● **WHAT TO PRODUCE**: From the data that follows, print exactly the lines starting at the one containing "Bo łączy komfort, elegancję" and ending at the one containing "Ambros one door"; include both of them and nothing more.

(RECORDED INFORMATION Opens)

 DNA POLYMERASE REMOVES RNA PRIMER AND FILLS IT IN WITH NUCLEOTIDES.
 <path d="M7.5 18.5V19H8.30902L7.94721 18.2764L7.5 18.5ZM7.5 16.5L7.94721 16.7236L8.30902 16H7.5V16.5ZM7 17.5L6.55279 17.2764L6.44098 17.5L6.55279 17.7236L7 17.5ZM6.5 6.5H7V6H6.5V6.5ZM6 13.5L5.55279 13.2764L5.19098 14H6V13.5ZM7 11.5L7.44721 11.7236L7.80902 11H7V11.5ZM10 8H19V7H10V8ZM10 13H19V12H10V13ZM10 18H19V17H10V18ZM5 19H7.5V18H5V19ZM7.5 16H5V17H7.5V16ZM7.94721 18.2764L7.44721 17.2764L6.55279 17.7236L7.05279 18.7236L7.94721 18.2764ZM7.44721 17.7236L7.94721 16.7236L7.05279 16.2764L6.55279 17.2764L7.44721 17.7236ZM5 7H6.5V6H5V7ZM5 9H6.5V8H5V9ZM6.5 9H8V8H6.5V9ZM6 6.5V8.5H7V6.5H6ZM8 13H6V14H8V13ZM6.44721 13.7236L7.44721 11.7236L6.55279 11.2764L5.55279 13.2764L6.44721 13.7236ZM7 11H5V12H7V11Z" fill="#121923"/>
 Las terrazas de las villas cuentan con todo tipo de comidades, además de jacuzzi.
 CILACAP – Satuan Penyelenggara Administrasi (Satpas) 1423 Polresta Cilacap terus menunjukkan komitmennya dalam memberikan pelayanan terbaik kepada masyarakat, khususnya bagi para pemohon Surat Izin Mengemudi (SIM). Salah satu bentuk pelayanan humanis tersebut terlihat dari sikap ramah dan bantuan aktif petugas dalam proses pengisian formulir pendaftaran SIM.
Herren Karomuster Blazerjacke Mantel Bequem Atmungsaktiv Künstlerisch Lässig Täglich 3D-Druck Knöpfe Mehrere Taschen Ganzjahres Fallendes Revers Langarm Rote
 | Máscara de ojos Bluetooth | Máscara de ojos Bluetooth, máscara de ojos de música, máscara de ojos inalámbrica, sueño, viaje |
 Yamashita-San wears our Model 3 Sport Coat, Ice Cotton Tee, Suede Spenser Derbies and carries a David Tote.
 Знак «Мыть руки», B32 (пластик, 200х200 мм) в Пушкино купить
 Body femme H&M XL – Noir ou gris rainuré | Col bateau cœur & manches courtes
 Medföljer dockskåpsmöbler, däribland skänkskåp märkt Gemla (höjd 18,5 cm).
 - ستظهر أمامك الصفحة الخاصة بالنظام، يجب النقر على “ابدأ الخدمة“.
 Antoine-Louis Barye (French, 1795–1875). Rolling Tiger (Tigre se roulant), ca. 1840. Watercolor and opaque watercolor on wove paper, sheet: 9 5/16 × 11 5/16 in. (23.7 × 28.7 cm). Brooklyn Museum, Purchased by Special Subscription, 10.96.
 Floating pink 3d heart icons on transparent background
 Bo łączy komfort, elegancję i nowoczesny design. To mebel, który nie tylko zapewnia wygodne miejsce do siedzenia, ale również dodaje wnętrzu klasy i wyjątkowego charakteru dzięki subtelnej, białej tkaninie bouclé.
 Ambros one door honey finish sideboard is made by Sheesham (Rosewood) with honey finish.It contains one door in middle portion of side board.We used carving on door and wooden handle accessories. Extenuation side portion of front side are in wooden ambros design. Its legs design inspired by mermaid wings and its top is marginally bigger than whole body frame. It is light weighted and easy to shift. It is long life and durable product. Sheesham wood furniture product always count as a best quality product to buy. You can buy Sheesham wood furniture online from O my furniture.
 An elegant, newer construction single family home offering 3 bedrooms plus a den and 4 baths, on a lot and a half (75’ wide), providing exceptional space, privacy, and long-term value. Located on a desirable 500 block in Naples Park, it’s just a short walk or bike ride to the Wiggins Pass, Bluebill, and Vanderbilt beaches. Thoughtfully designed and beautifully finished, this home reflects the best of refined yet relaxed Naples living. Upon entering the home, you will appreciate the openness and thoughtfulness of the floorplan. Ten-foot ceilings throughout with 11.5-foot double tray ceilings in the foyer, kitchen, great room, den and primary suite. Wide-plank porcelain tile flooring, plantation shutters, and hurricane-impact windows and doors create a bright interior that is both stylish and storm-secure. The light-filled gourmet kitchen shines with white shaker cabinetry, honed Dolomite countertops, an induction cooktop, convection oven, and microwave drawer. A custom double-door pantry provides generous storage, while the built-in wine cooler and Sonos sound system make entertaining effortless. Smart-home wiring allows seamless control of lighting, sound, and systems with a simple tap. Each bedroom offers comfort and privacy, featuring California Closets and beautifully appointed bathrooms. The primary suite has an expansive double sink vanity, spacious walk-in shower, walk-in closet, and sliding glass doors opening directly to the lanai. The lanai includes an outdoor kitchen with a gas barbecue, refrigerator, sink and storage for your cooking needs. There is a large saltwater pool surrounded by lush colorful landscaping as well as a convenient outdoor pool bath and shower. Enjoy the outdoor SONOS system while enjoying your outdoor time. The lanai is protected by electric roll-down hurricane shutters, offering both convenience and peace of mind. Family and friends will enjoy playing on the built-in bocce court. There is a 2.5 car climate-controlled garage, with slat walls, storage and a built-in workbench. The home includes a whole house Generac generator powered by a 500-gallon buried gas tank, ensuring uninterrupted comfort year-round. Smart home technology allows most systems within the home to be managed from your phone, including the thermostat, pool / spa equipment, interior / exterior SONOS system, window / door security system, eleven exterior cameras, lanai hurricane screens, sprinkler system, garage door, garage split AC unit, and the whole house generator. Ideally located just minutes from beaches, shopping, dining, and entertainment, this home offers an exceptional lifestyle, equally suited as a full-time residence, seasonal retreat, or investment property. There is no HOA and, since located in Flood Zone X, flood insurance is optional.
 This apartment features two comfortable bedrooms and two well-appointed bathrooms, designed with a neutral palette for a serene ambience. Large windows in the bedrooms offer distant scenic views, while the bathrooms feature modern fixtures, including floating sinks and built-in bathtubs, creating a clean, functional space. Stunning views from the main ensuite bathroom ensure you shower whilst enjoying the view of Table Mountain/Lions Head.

(RECORDED INFORMATION Closes)

● **OUTPUT FOR THIS EXERCISE**:
 Bo łączy komfort, elegancję i nowoczesny design. To mebel, który nie tylko zapewnia wygodne miejsce do siedzenia, ale również dodaje wnętrzu klasy i wyjątkowego charakteru dzięki subtelnej, białej tkaninie bouclé.
 Ambros one door honey finish sideboard is made by Sheesham (Rosewood) with honey finish.It contains one door in middle portion of side board.We used carving on door and wooden handle accessories. Extenuation side portion of front side are in wooden ambros design. Its legs design inspired by mermaid wings and its top is marginally bigger than whole body frame. It is light weighted and easy to shift. It is long life and durable product. Sheesham wood furniture product always count as a best quality product to buy. You can buy Sheesham wood furniture online from O my furniture.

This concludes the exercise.